Getting Enough Vitamins From Your Diet
With so many supplements and shakes to choose from, getting in the right vitamins can be confusing. The good news is that you can get most of the vitamins you need simply by varying your diet!
What are vitamins?
Vitamins are microscopic substances that play a major role in the healthy functioning of the body. Each vitamin has a unique purpose within the body, such as promoting a healthy metabolism, strengthening your immune system or regulating hormones.
Most of the time, a well-balanced diet can help you prevent a deficiency. However, there are times when supplementing is necessary. If you suspect your vitamin-deficient, consult your doctor. They can help you determine what you need, and recommend trustworthy supplements.
Here's how to achieve your daily dose:
Vitamin C is essential for protecting your cells from harm, healing wounds and keep your body generally healthy. Your daily intake of vitamin C is around 75mg, and you get it all through fruits and vegetables!

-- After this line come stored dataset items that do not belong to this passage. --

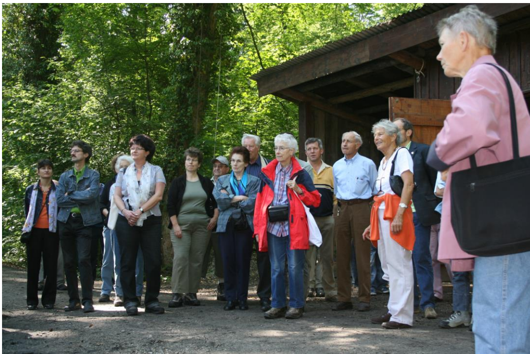
Beim Kohlenmeiler im Forsthaus Andelbach
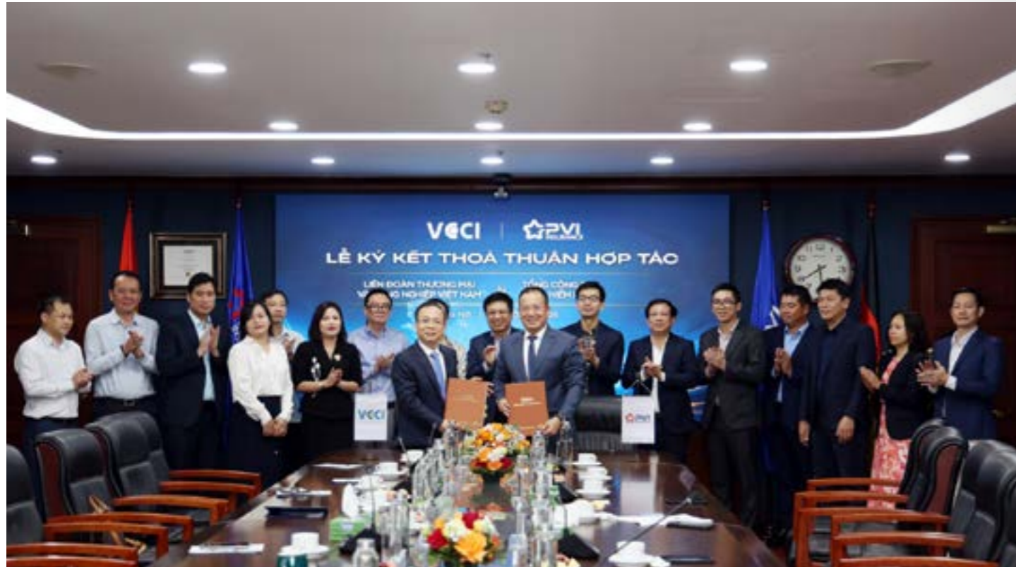
Liên đoàn Thương mại và Công nghiệp Việt Nam (VCCI) và Tổng công ty Bảo hiểm PVI (Bảo hiểm PVI) ký kết Thỏa thuận hợp tác nhằm thiết lập khuôn khổ hợp tác toàn diện trong giai đoạn 2026 – 2027

Liên đoàn Thương mại và Công nghiệp Việt Nam (VCCI) và Tổng công ty Bảo hiểm PVI (Bảo hiểm PVI) đã ký kết Thỏa thuận hợp tác nhằm thiết lập khuôn khổ hợp tác toàn diện trong giai đoạn 2026 – 2027, hướng tới mục tiêu đồng hành cùng doanh nghiệp Việt Nam nâng cao năng lực cạnh tranh, phát triển bền vững và hội nhập sâu rộng vào nền kinh tế toàn cầu.
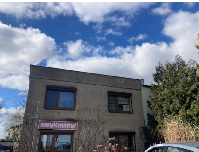
Zabudowa mieszkalno-usługowa przy ul. Gołęcińskiej
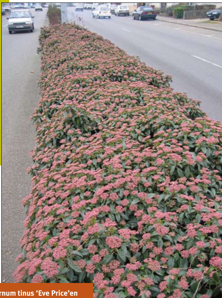
Viburnum tinus 'Eve Price' en terre-plein central.

De tous les espaces urbains à aménager, les bandes axiales ou laté-

Good sources of Vitamin C:
Vitamin D is crucial for healthy bones, muscles and teeth. An average adult needs about 10mcg of vitamin D a day. We largely absorb vitamin D through sunshine and/or animal products, so it can be hard to achieve this during the winter months or if you're vegan. This means you may require a supplement in order to meet the daily recommended intake.
Pro tip: Vitamin D as it is a fat-soluble vitamin, meaning it's best to consume it at the same time as a meal containing healthy fats, like avocado, nuts or eggs.
Sources of Vitamin D:
- Oily fish
- Red meat
- Fortified foods (vegan milks, cereals with added vitamin D)

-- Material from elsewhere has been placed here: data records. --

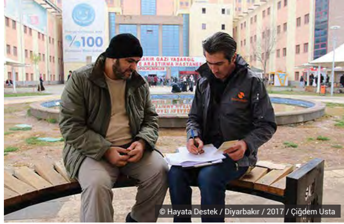
© Hayata Destek / Diyarbakır / 2017 / Çiğdem Usta

Türkiye'nin 8 ilinde, yürüttüğümüz çok boyutlu çalışmalarla, 2017 boyunca toplamda 28.153 mültecinin hayatına destek olduk.
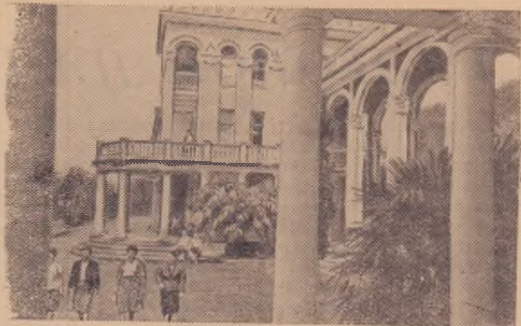
Грузинская ССР. Курорт Мендзи. Санаторий «Колхида».

тивов, учесть недостатки, наметить пути устранения их. Расставить коммунистов на решающие участки. Вся политическая, организационная работа должна способствовать повышению активности тружеников города и села в хозяйственной и общественной работе. Ознаменуем районную конференцию новыми успехами в труде!
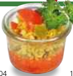
12.04 Harissa-Paprika mit Couscous-Salat* 3,20 €
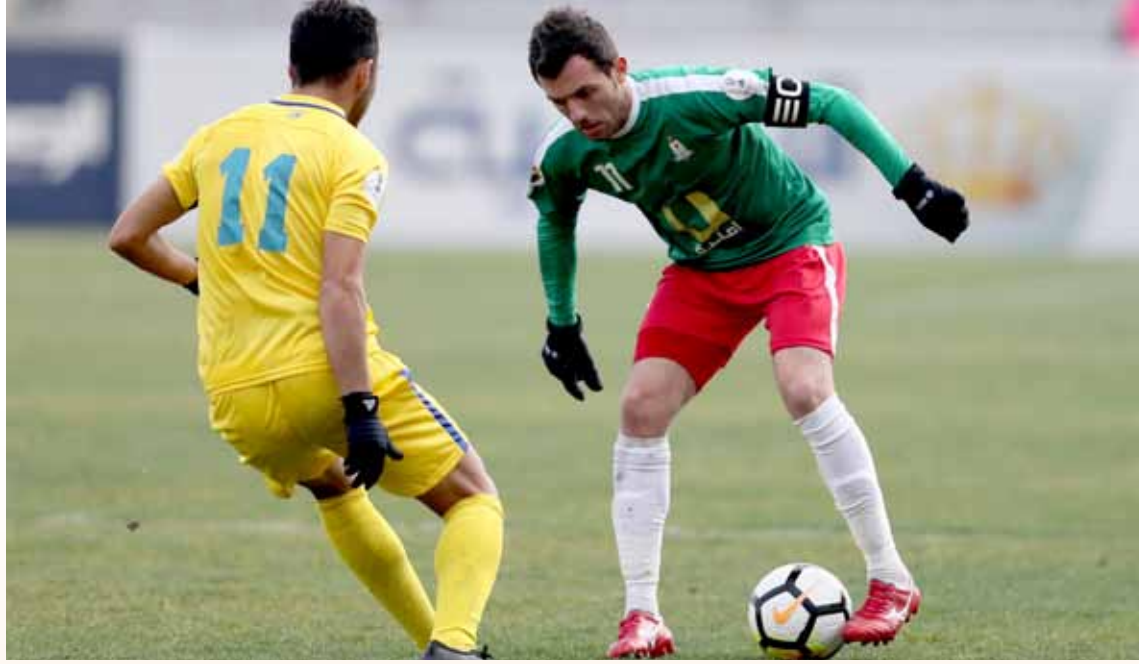
الوحدات عاقب الحسين إربد على جراته برباعية مدوية

تنطلق مباريات الاسبوع الرابع عشر في الرابعة من مساء يوم بعد غد الخميس، حيث يلتقي الحسين مع الجزيرة على ستاد الحسن، وفي السادسة والنصف وعلى ستاد عمان يلتقي الأهلي مع ذات راس، وفي الرابعة من مساء يوم الجمعة، يلتقي الصريح مع الوحدات على ستاد الحسن، وفي السادسة والنصف يلتقي البقة مع العقبة على ستاد عمان الدولي، وفي الرابعة من مساء يوم السبت المقبل، يلتقي شباب الأردن مع السلط على ستاد الملك عبدالله الثاني، وفي السادسة والنصف يلتقي الفيصلي مع الرمثا على ستاد عمان الدولي.
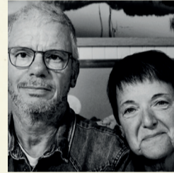
CHRISTIAN ET MYRIAM SIMON PHOTOGRAPHES DE NATURE
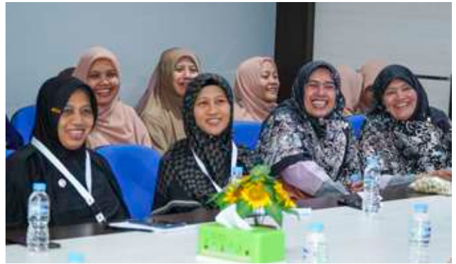
Sesi khusus ibu-ibu RnD Insantama bersama peserta PPKYC akhwat.

As well as strengthening your immune system, Vitamin E helps maintain healthy skin and eyes. Your recommended daily intake is 4mg for men and 4mg for women.
Good sources of Vitamin E:
- Nuts & seeds
- Olive oil
Vitamin K is essential is helping wounds heal by promoting healthy blood clotting, and may aid in bone health. Around 120mg to 160mg is recommended per day, but it's an easy vitamin to add to your diet and deficiencies are rare.
Good sources of Vitamin K:
- Leafy greens
There are 8 types of B-Vitamins, each with different roles to play. Older adults, pregnant women and people who don't consume animal products can be at risk of certain B-Vitamin deficiencies. If you're concerned about a lack of B-Vitamins in your diet, it's important to consult your doctor to pinpoint which nutrient is causing the deficiency. Tap here for an in-depth guide to Vitamin B.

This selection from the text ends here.